Attracted by this, the Labour government introduced a new sentence in 1998, the drug treatment and testing order (DTTO). When a qualifying offender was convicted, he would take part in a mandatory treatment programme, with regular drug testing. A pilot project was deemed a success, and the policy was rolled out nationwide.
The experiment It was commendable that the Home Office decided to launch a pilot study of DTTOs before introducing them more widely. But Sheila Bird, a professor at the MRC biostatistics unit in Cambridge, showed that the pilots were so badly designed as to be virtually worthless. First, they included too few young offenders to achieve statistical significance. Second, the research wasn’t randomised.
Random allocation of research subject to intervention and control groups is one of the most powerful tools for conducting trials of human subjects. It leaves minimal room for bias, and without it there always remains a possibility that any differences observed between subjects and controls may be the result of underlying differences between the two groups, rather than a true effect.
It would have been a simple matter to randomise the DTTO pilot. When a qualifying offender was convicted, the judge would pass the sentence that he or she felt appropriate. But before that sentence was actually carried out, the judge would use a random code to assign the offender either to the normal sentence or to a DTTO.
Both DTTO and control groups would then be followed up for differences in recidivism rates after their sentences were over. All that would have differed between the two groups was the sentence, which would therefore explain any different patterns of reoffending.
In the real pilots, the judges were left to decide who was to receive DTTOs, creating great potential for bias: they could easily have been tempted to cherry-pick more serious offenders for one arm of the trial or the other, according to their prejudices. No pharmaceutical company would have got away with running a trial this shoddy. Yet it was sufficient to change a criminal justice policy.
The hypothesis In the 1990s, a Dutch development charity called International Christelijk Steunfonds decided to fund a programme to support education in Kenya. Previous research had suggested that providing African children with textbooks that they could not normally afford might improve their exam results, so the charity paid for 25 schools to receive sets of English, science and maths books. The charity, however, didn’t just provide the books. It decided to run an experiment.
The experiment As Tim Harford describes in his book Adapt, ICS asked the Kenyan government not to select 25 schools that would receive the books, but to identify 100 schools that would be equally suitable. From these, 25 were selected at random. The books were delivered and exam results at the 25 intervention schools compared with those from the 75 similar schools without the extra teaching resources.
The textbooks, it turned out, made very little difference. ICS then tried another intervention – illustrated teaching flip-charts – in a similar randomised trial. Again, there was no significant effect.

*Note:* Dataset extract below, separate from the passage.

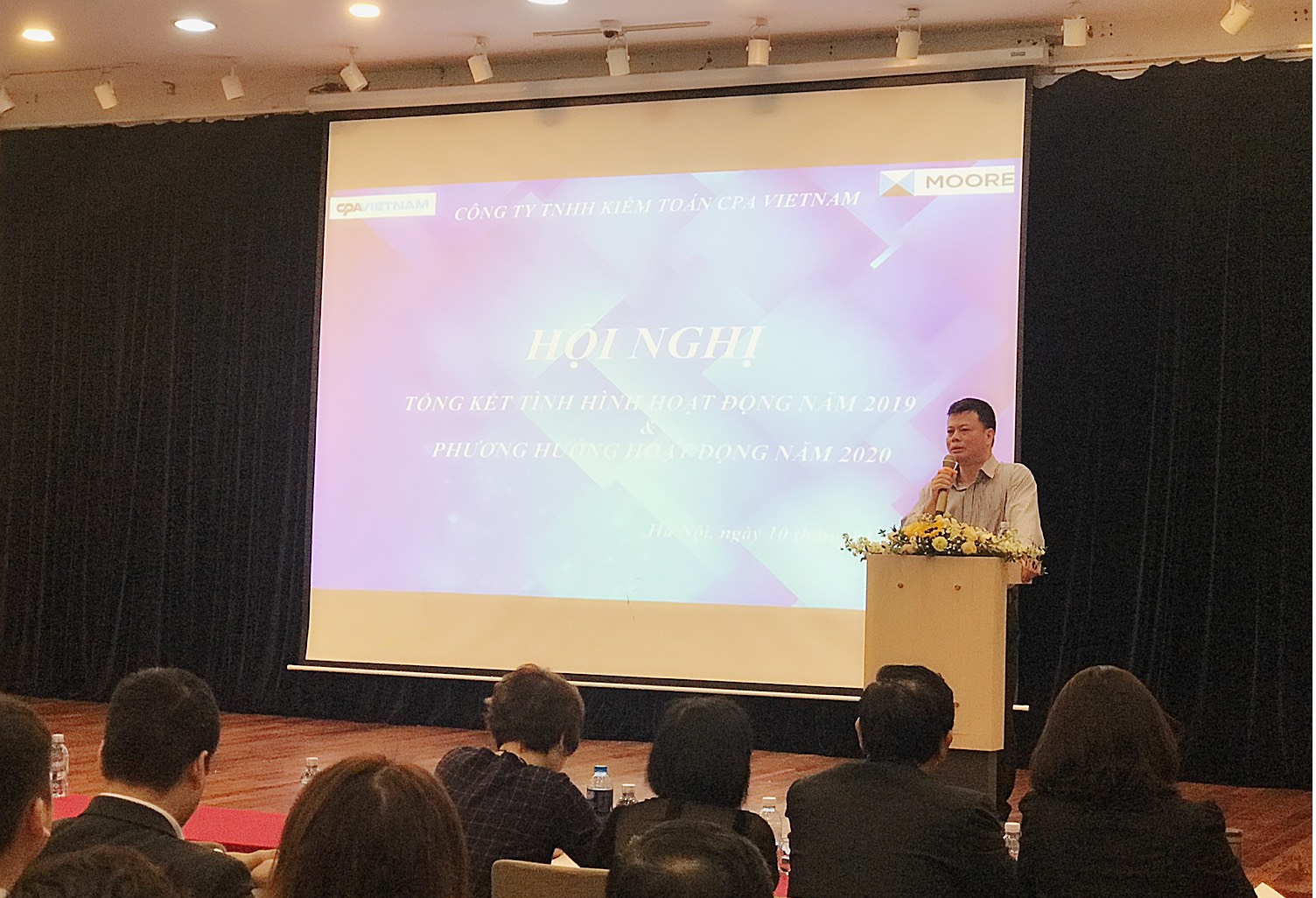 Ngày 10/01/2020, tại trụ sở chính Hà Nội, Công ty TNHH Kiểm toán CPA VIETNAM đã long trọng tổ chức Lễ tổng kết tình hình hoạt động năm 2019 và đưa ra phương hướng hoạt động năm 2020. Tới dự buổi lễ này có sự góp mặt của Ban lãnh đạo, đại diện các Chi nhánh, Văn phòng đại diện, Phòng tư vấn, toàn thể cán bộ nhân viên trong Công ty.

So the charity tried a third approach, funding treatment for intestinal worms. This time, the trial followed a staggered design: 25 random schools received the treatment immediately, 25 after two years, and another 25 two years after that. This time, there was clear evidence: de-worming children unequivocally improved their learning, probably thanks to improved nutrition.
ICS had used the power of randomisation to identify how its limited resources could be spent most effectively. Few governments, alas, are as far-sighted.